(Work instruction):
Only the lines from the one holding "再放入蒜末和胡萝卜,继续小火翻炒片刻。" to the end of the data should be echoed, exactly as they appear, minus the pictures.

(Dataset content):
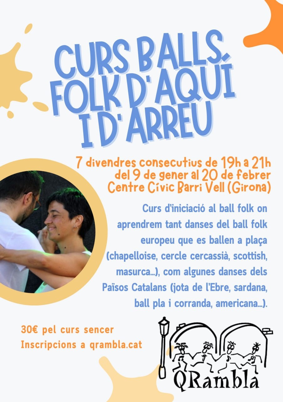 “Balls Folk d’aquí i d’arreu” és un curs d’iniciació al Ball Folk. En ell aprendrem tant danses del ball folk europeu que es ballen a plaça (chapelloise, cercle cercassià, scottish, masurca...), com algunes danses dels Països Catalans (jota de l’Ebre, sardana, ball pla i corranda, americana...).
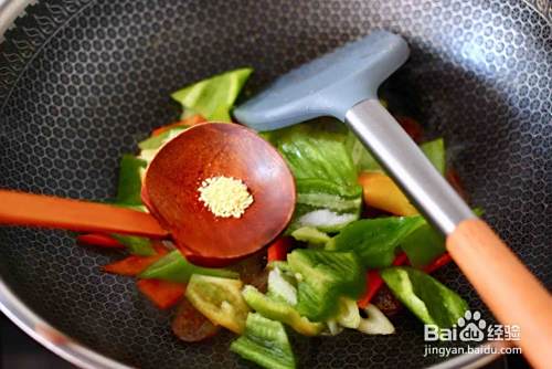 再放入蒜末和胡萝卜,继续小火翻炒片刻。
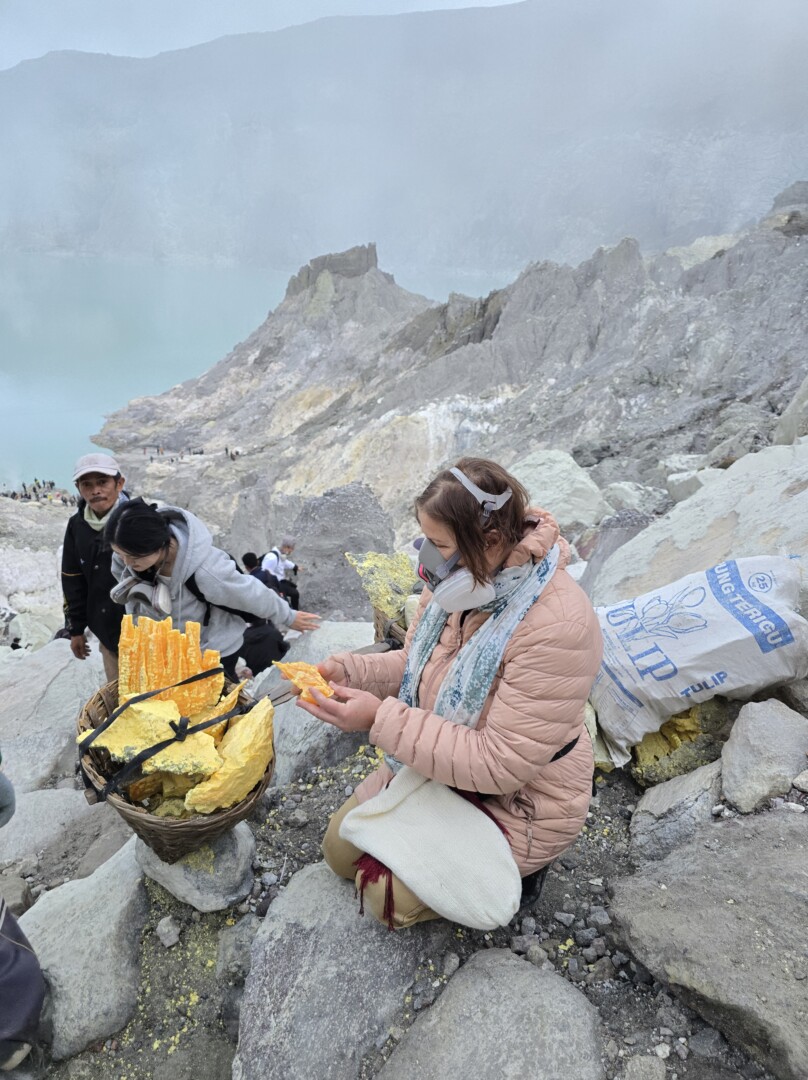 Tokiomis sąlygomis vietiniai dirba be jokių dujokaukių. Jie ne tik lydi turistus, bet ir renka sieros gabalėlius. Pasak G. Pučinskienės, sieros masė atrodo kaip gintaras, tad iš jos gaminami suvenyrai.
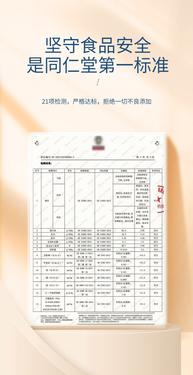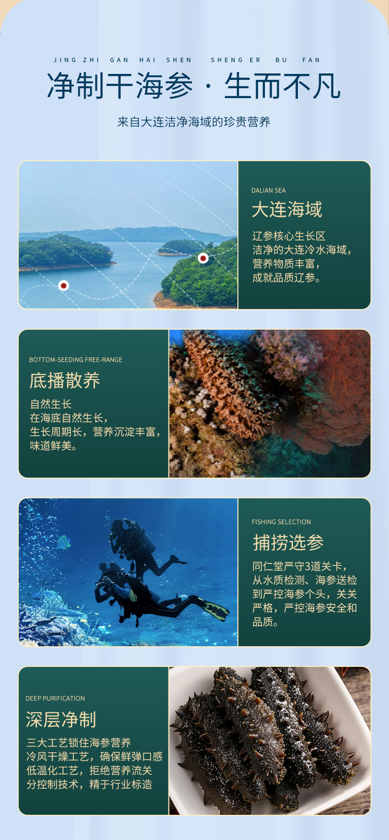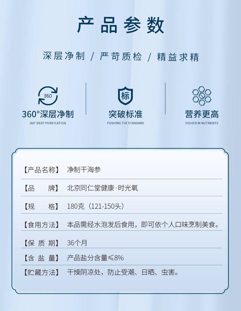 北京同仁堂时光氧净制干海参特级180克 (121-150头)

(Output for this exercise):
 再放入蒜末和胡萝卜,继续小火翻炒片刻。
 Tokiomis sąlygomis vietiniai dirba be jokių dujokaukių. Jie ne tik lydi turistus, bet ir renka sieros gabalėlius. Pasak G. Pučinskienės, sieros masė atrodo kaip gintaras, tad iš jos gaminami suvenyrai.
 北京同仁堂时光氧净制干海参特级180克 (121-150头)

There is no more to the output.